=== Aim of the task ===
Print exactly what appears from the line containing "当前位置: 首页 >福建省泉州市纹身店-泉州鹏海刺青纹身图案>胸部遮盖完成做半甲纹身图片" through the final line of the data below, pictures excluded.

-- Listed records follows --

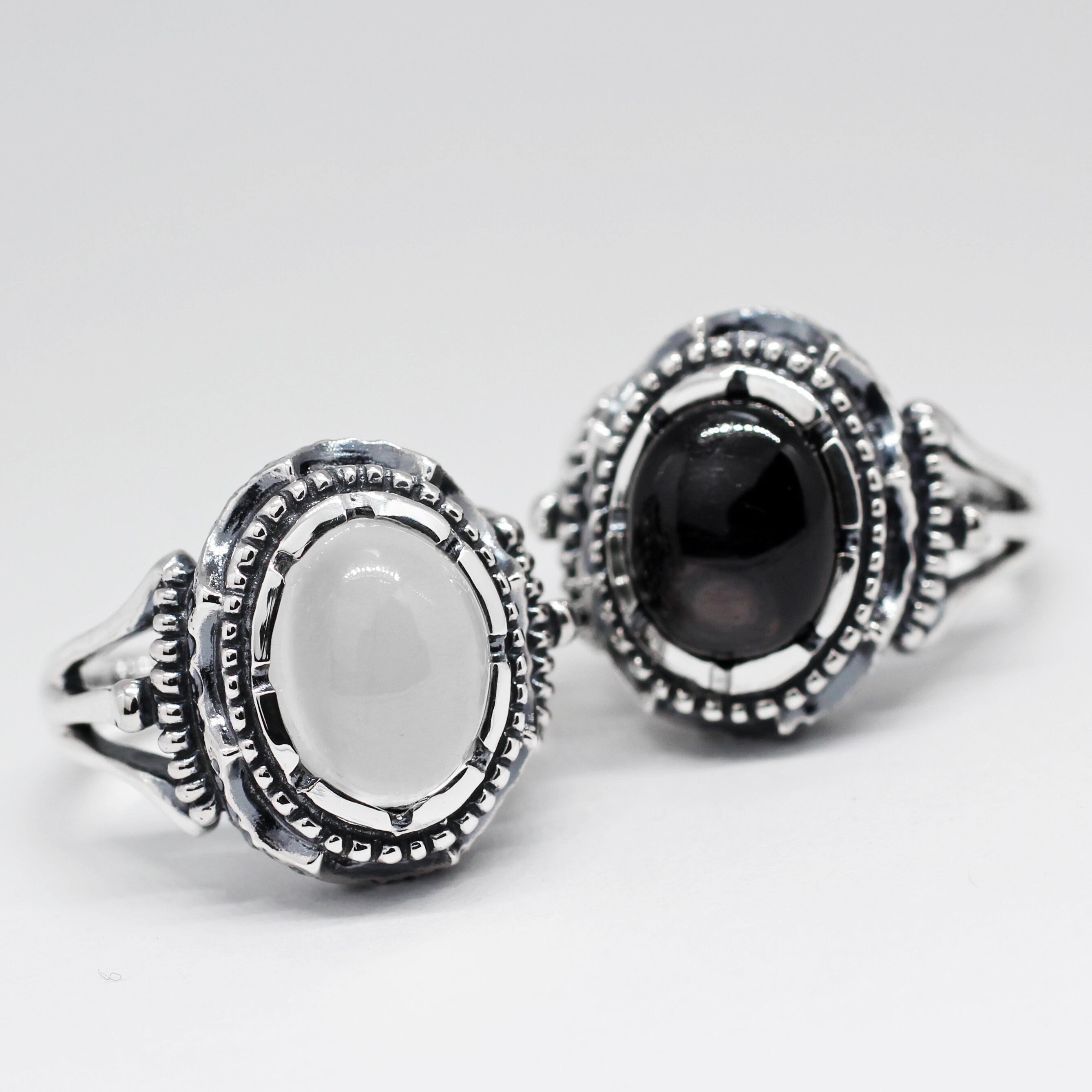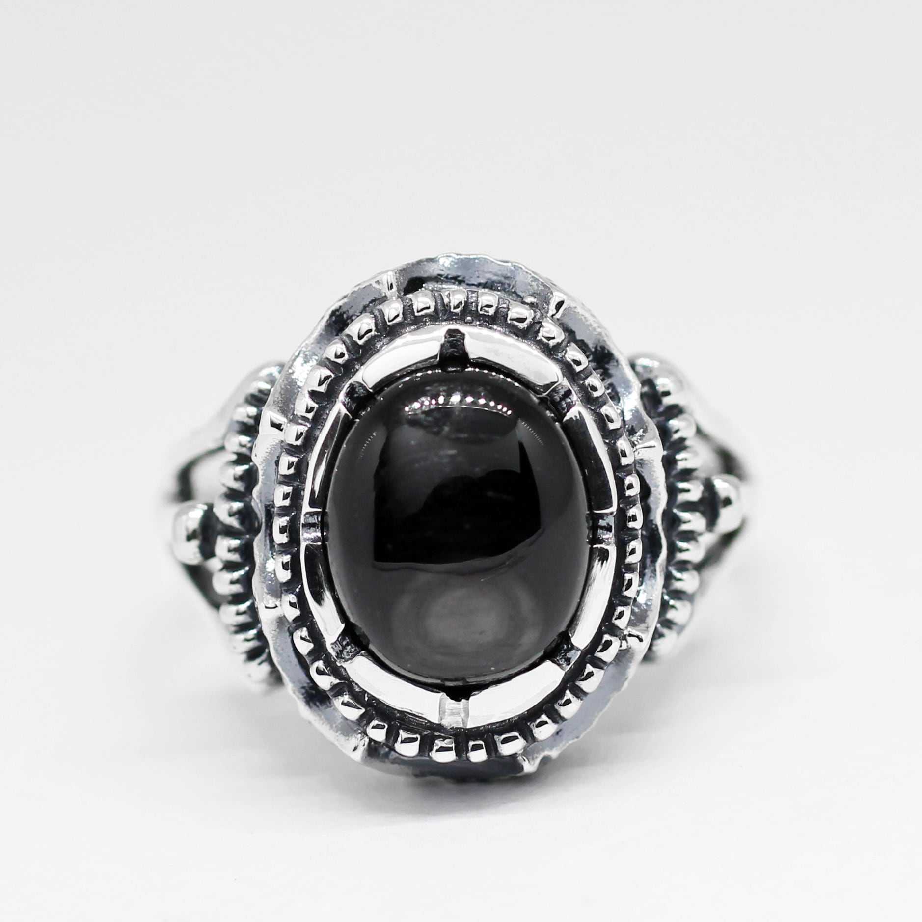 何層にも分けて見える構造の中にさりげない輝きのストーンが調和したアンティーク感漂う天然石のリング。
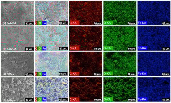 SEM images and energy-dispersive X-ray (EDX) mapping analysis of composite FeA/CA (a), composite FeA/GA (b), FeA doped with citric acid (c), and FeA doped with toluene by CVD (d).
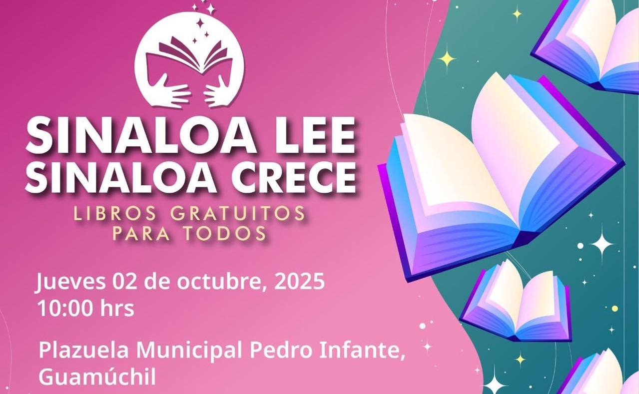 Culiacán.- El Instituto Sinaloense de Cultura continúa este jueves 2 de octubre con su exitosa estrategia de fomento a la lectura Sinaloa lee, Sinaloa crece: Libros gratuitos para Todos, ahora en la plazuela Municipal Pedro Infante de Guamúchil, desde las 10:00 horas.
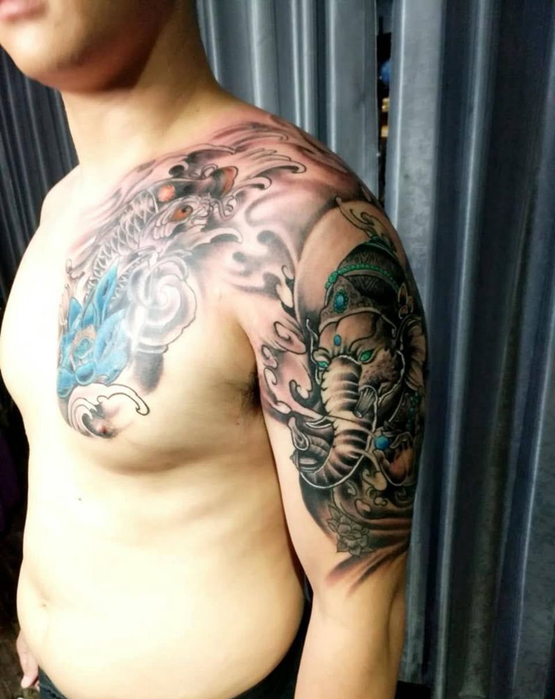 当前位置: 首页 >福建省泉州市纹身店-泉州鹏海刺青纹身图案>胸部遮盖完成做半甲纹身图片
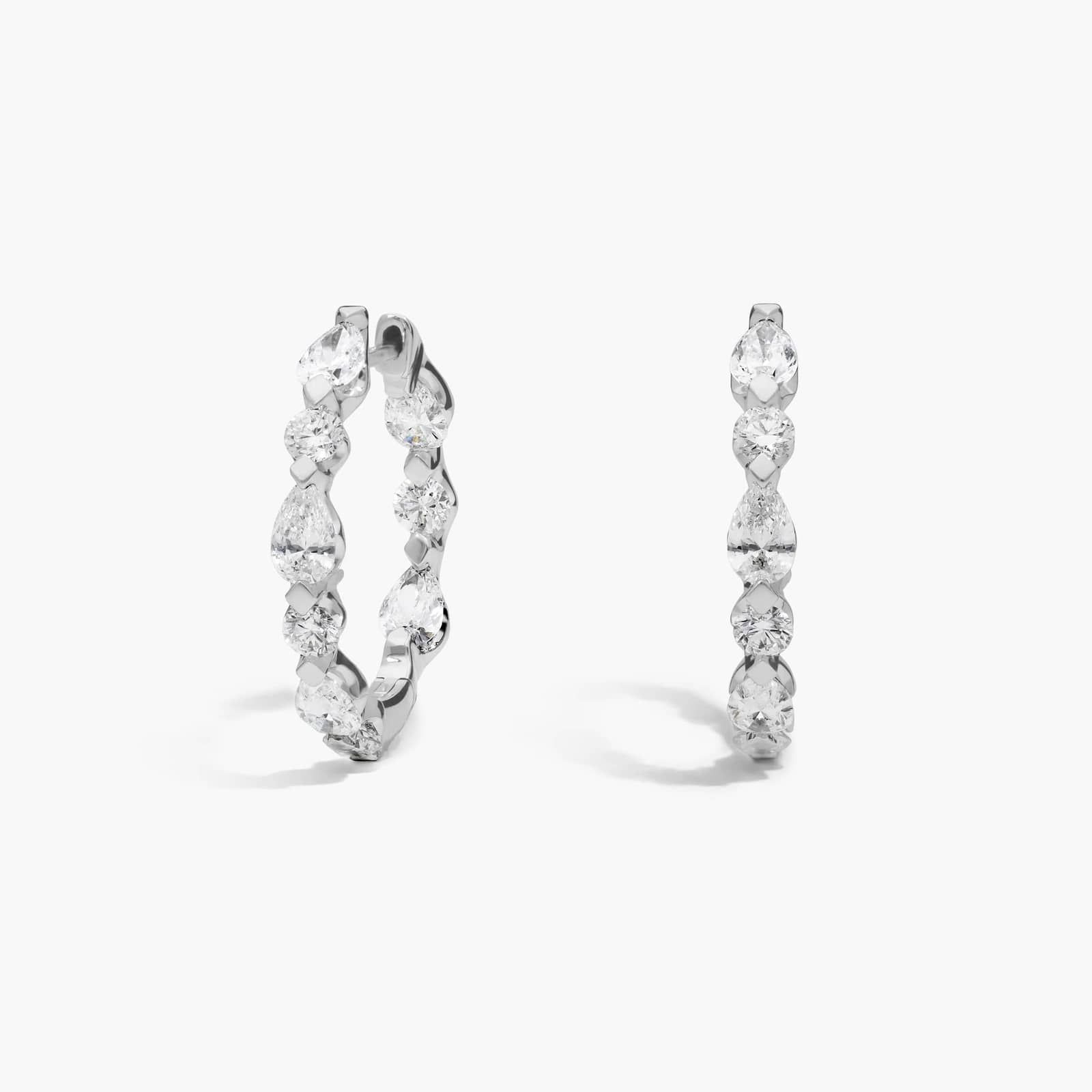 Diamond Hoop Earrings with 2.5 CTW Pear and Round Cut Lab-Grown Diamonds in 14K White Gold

-- Listed records concluded --

=== Task answer ===
 当前位置: 首页 >福建省泉州市纹身店-泉州鹏海刺青纹身图案>胸部遮盖完成做半甲纹身图片
 Diamond Hoop Earrings with 2.5 CTW Pear and Round Cut Lab-Grown Diamonds in 14K White Gold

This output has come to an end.